Though they ski, the members of Squid and Friends certainly aren’t any bums when it comes to grinding out a life away from the slopes and positively investing in the community they live in. Garrett Balen is a wildland firefighter who has spent the last eight summers fighting some of the biggest wildfires California has ever experienced. His short film Equinox juxtaposes thrilling ridge drops in the winter months with chilling footage of gargantuan plumes of smoke rising from mountains consumed by fire during the summer. 

Similarly, Molly Armanino’s film Amend splices her hard-charging lines with scenes from her successful push to get the South Lake Tahoe City Council to update its climate change goals and commit to eliminate carbon emissions by 2030 with 100% renewable energy – to help reduce and counteract the incendiary conditions that Balen has been battling for years.
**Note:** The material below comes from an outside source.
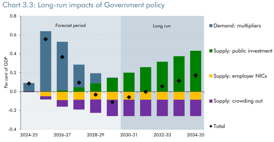 Hughes said that the net effect of the government’s policies would “turn positive in the early 2030s as the lagged impact of a larger public capital stock feeds through into potential output”.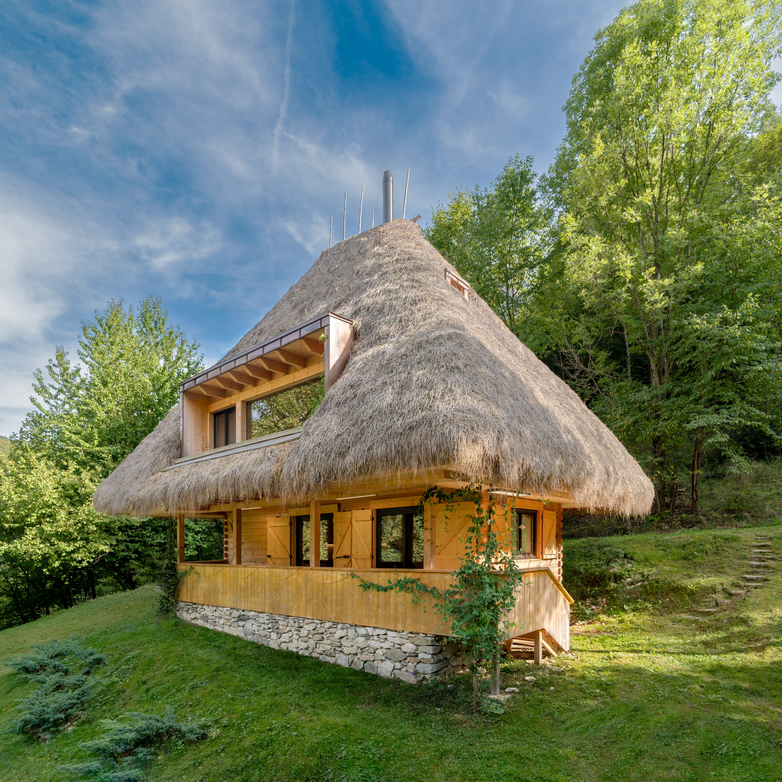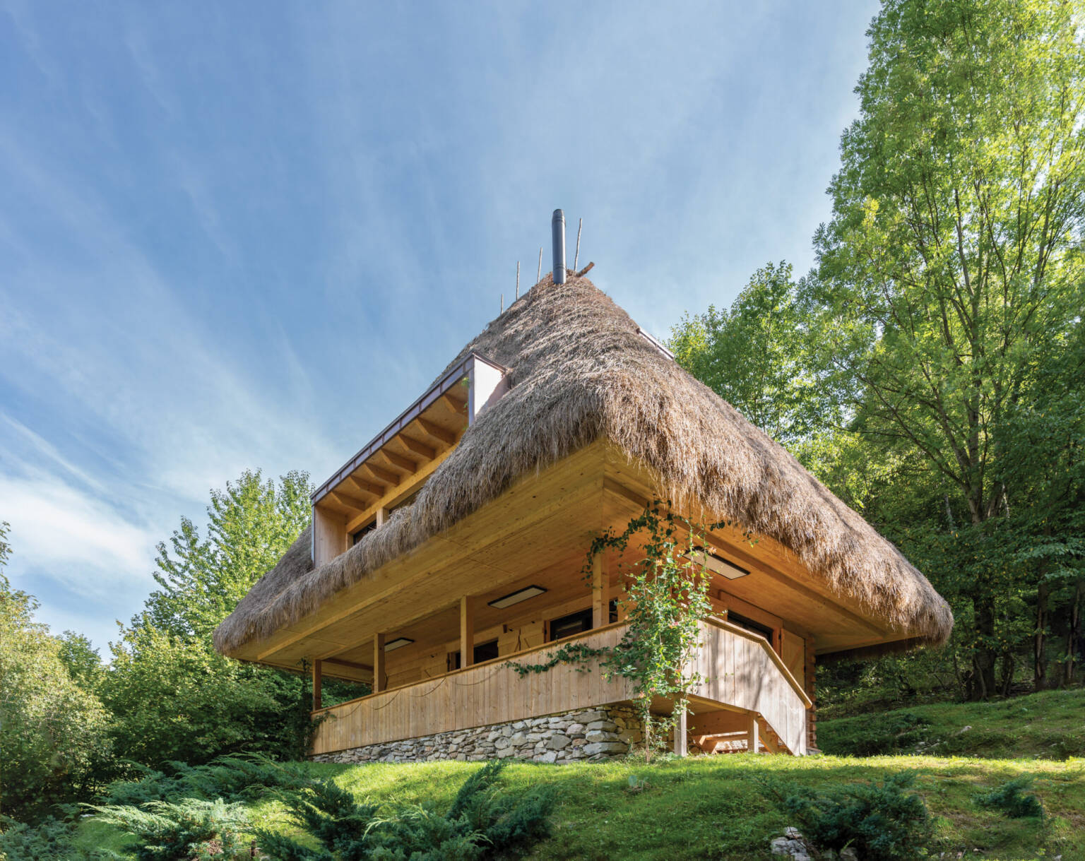 Proiectul reinterpretează arhitectura tradițională a caselor moțești din Apuseni, integrând elemente caracteristice în cheie modernă:

With South Lake dodging a fiery bullet last year from the Caldor Fire that almost consumed the entire basin, all attempts to help curb such environmental disasters should be applauded and pursued and these two Squids are right in the thick of such action.

The fact is it takes a lot of guts, grit, perseverance and vision to save up enough money in the summer and fall to create the perfect four month dream vacation of non-stop skiing every year. It’s a hell of a sacrifice, but one that can reap great rewards.

“I think everyone is constantly trying to find that balance, especially me,” said Armanino. “If you ask any of us members if they plan on being rich, I don’t think the answer is yes. I think we’ve given up on the idea of a glamorous career or a very stable life going into our 30’s, that’s a big compromise. Living in Tahoe is a compromise in and of itself.” 

And yet, despite these unflattering financial futures,  Armanino admits that the, “evolution is thinking about how we can free up winters completely.” How many people do you know that completely structure and dedicate their lives to their greatest passion?  It’s a life the members of Squid and Friends enthusiastically embrace (at least for now), and in doing so they’ve added to and elevated the ski culture of South Lake Tahoe.  

As Squid and Friends has shown, nothing is more fun than doing dope stuff with your friends.

Now, that’s why you move to Lake Tahoe.